• **What is being asked**
Go through the entries below and print, exactly, the lines starting at the one with "On the low-voltage" and ending at the one with "страны, нашей Беларуси.", keeping both ends and no others.

• **Input records**
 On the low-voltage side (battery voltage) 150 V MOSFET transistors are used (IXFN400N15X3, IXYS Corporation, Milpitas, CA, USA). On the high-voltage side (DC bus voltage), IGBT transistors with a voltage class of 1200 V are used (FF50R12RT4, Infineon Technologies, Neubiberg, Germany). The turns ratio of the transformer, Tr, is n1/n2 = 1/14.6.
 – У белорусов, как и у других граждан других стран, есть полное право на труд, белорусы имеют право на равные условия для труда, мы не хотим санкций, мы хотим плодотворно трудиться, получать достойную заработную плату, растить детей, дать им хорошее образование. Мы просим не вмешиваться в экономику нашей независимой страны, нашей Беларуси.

---

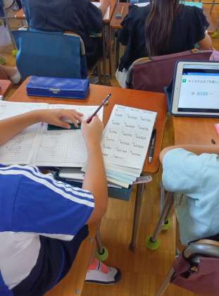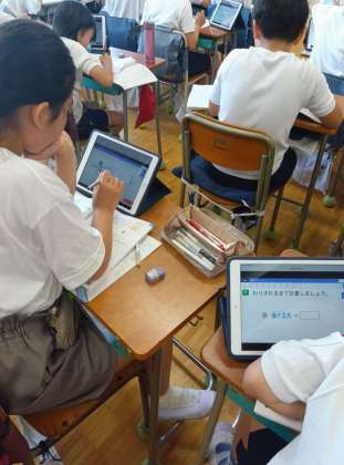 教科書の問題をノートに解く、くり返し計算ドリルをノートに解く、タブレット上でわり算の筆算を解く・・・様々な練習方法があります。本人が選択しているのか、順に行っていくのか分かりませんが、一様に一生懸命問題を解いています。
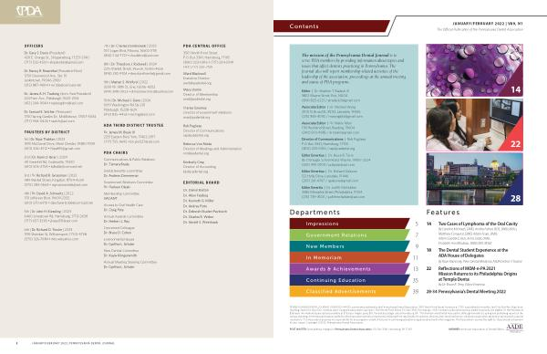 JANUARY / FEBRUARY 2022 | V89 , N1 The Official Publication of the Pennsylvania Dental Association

• **Your response**
 On the low-voltage side (battery voltage) 150 V MOSFET transistors are used (IXFN400N15X3, IXYS Corporation, Milpitas, CA, USA). On the high-voltage side (DC bus voltage), IGBT transistors with a voltage class of 1200 V are used (FF50R12RT4, Infineon Technologies, Neubiberg, Germany). The turns ratio of the transformer, Tr, is n1/n2 = 1/14.6.
 – У белорусов, как и у других граждан других стран, есть полное право на труд, белорусы имеют право на равные условия для труда, мы не хотим санкций, мы хотим плодотворно трудиться, получать достойную заработную плату, растить детей, дать им хорошее образование. Мы просим не вмешиваться в экономику нашей независимой страны, нашей Беларуси.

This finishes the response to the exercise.